Orangeburg DPU faced many challenges when selecting a vendor and equipment. As for many small utilities, for Orangeburg, cost was generally an important factor, but other factors also carried weight:

  • Management of the system

    Who would be responsible for keeping the units functioning and up-to-date, and how would that be accomplished?

  • Environmental concerns

    Would the unit perform when it was 100°F (38°C) with 90% humidity during a South Carolina summer, or when there was a half-inch of ice outside during a January ice storm?

  • Dependability

    What was the failure rate of the units? Was the communication solid so that it was available 99.99% of the time?

  • Deployment

    Where was the best place to put the units to provide optimum benefits?

These are among the many questions Orangeburg DPU engineers needed to answer before the utility could move forward. They are very typical and may be some of the same questions another utility will need to answer, but each utility is unique and the answers will vary.

Often, the most costly aspect of operating applications is the maintenance of the network model and application database. As Orangeburg DPU examined maintenance costs in detail, it became clear that without an integrated approach to this implementation, costs would be repeated to support private databases and multiple models (of essentially the same distribution feeder network).

To trim both ongoing costs and the complexity of maintenance tasks, the utility needed a solution in which the model and real-time database would be common to all network-based applications.

With the selected applications, the source for Orangeburg DPU's network model is the geographic information system (GIS). Daily updates are made from an ESRI (Redlands, California, U.S.) GIS, the same source used by the outage management system. ACS's DASmap is used to extract the GIS model changes. Orangeburg DPU uses this to build connectivity and export a node-arc-node network model, automatically add the points to the real-time database and create the dynamic map display.

The new file changes are loaded daily into the real-time on-line DMS without downtime. This process takes from 30 minutes to four hours, depending on the size and complexity of the update. A new program version will soon handle incremental updates, speeding up the process as it provides automatic detection of GIS changes from one update to the next.

A Bright Future

To realize the SAIDI gains of the pilot program on a system-wide basis, Orangeburg DPU plans to increase the area under automation control. In the next phase, a feeder-loss minimization application will automate the control of the system's 57 capacitor banks. The power factor for each feeder will be calculated from the telemetered kilowatt and kilovolt-amp reactive. The load flow will be used to determine reactive power requirements at various capacitor bank locations, as well as for the entire feeder. This will be accomplished in real time, and the resulting capacitor switch commands will be presented as either operator action recommendations or automatically executed. Orangeburg DPU plans to add other applications in subsequent phases, including optimized switching, as well as intelligent switch-plan generation for planned outages.

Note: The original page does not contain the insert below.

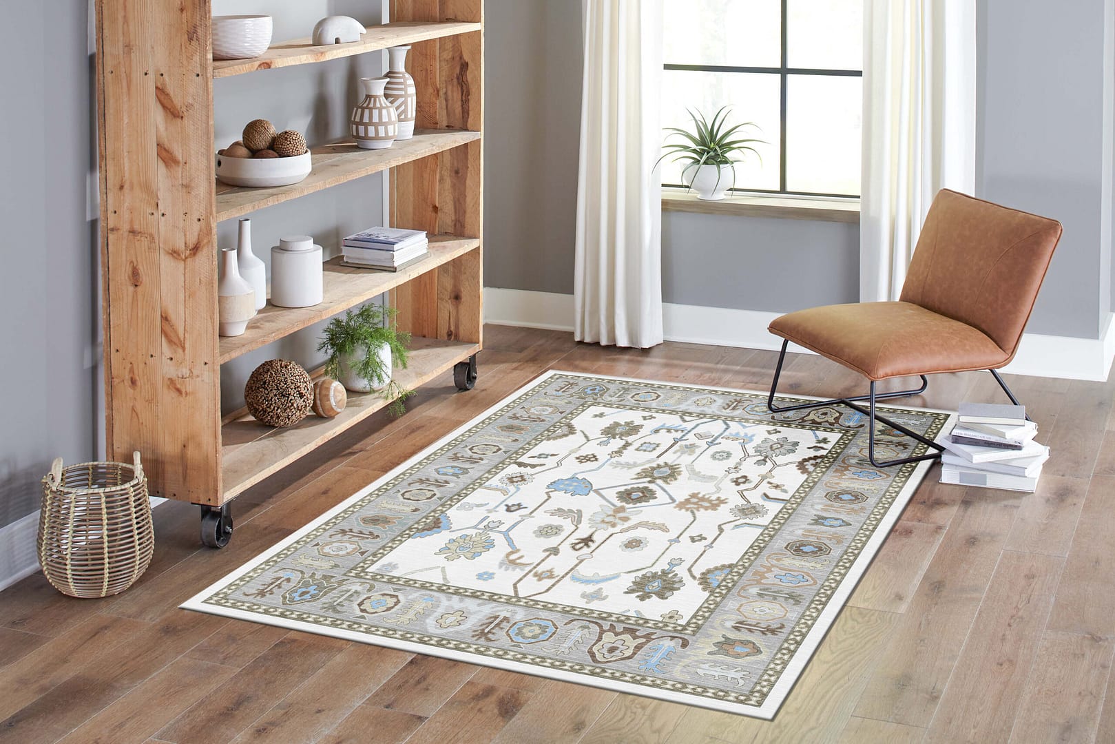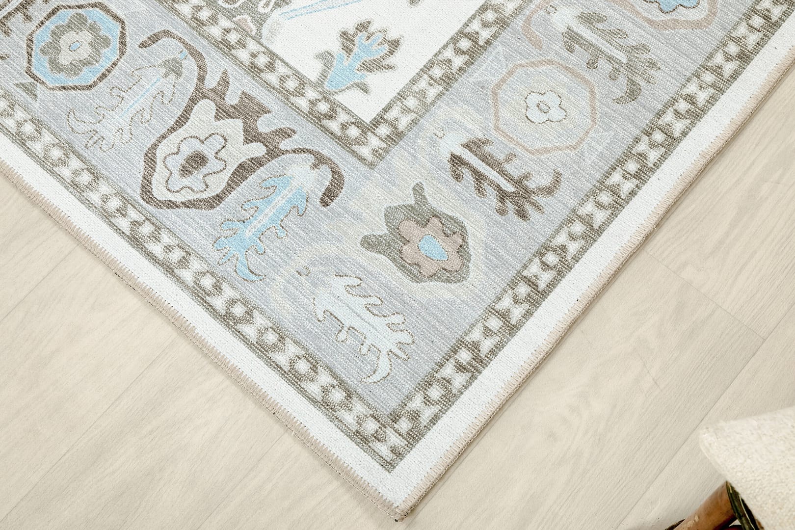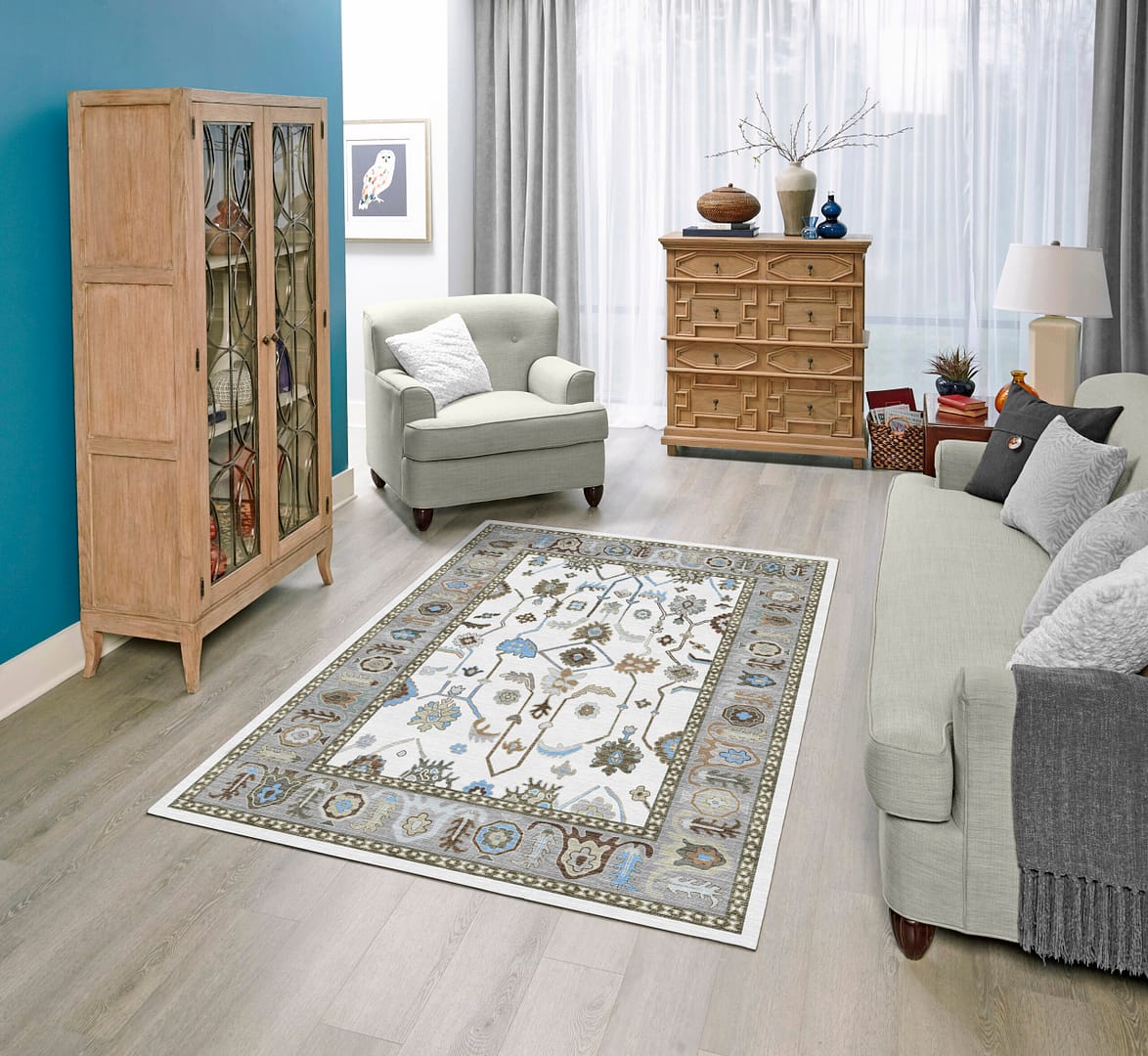 Oushak Cream-Blue Machine Carpet

Beginning with self-healing feeders, Orangeburg DPU is deploying an integrated suite of applications. Through careful management of adaptive, common model-derived applications, Orangeburg DPU is now poised to adopt additional applications to capture and sustain the gains in customer satisfaction along with increased reliability, flexibility and efficiency.


John Bagwell (jbagwell@orbgdpu.com) has served as director of the City of Orangeburg Department of Public Utilities (DPU) electric division since 1998. Bagwell came to Orangeburg DPU in 1987 as a control systems engineer, where he installed a SCADA system covering 23 electrical substations, two peak shaving generator plants, a gas distribution system, a 19-MGD water treatment plant and a 9-MGD wastewater treatment plant. He also installed a fiber-optic network consisting of OC3 backbone and 50 miles (80 km) of fiber cable, and was instrumental in installing the department's first personal computer network. Bagwell earned a BSEE degree from Clemson University and is president of the South Carolina Association of Municipal Power Systems.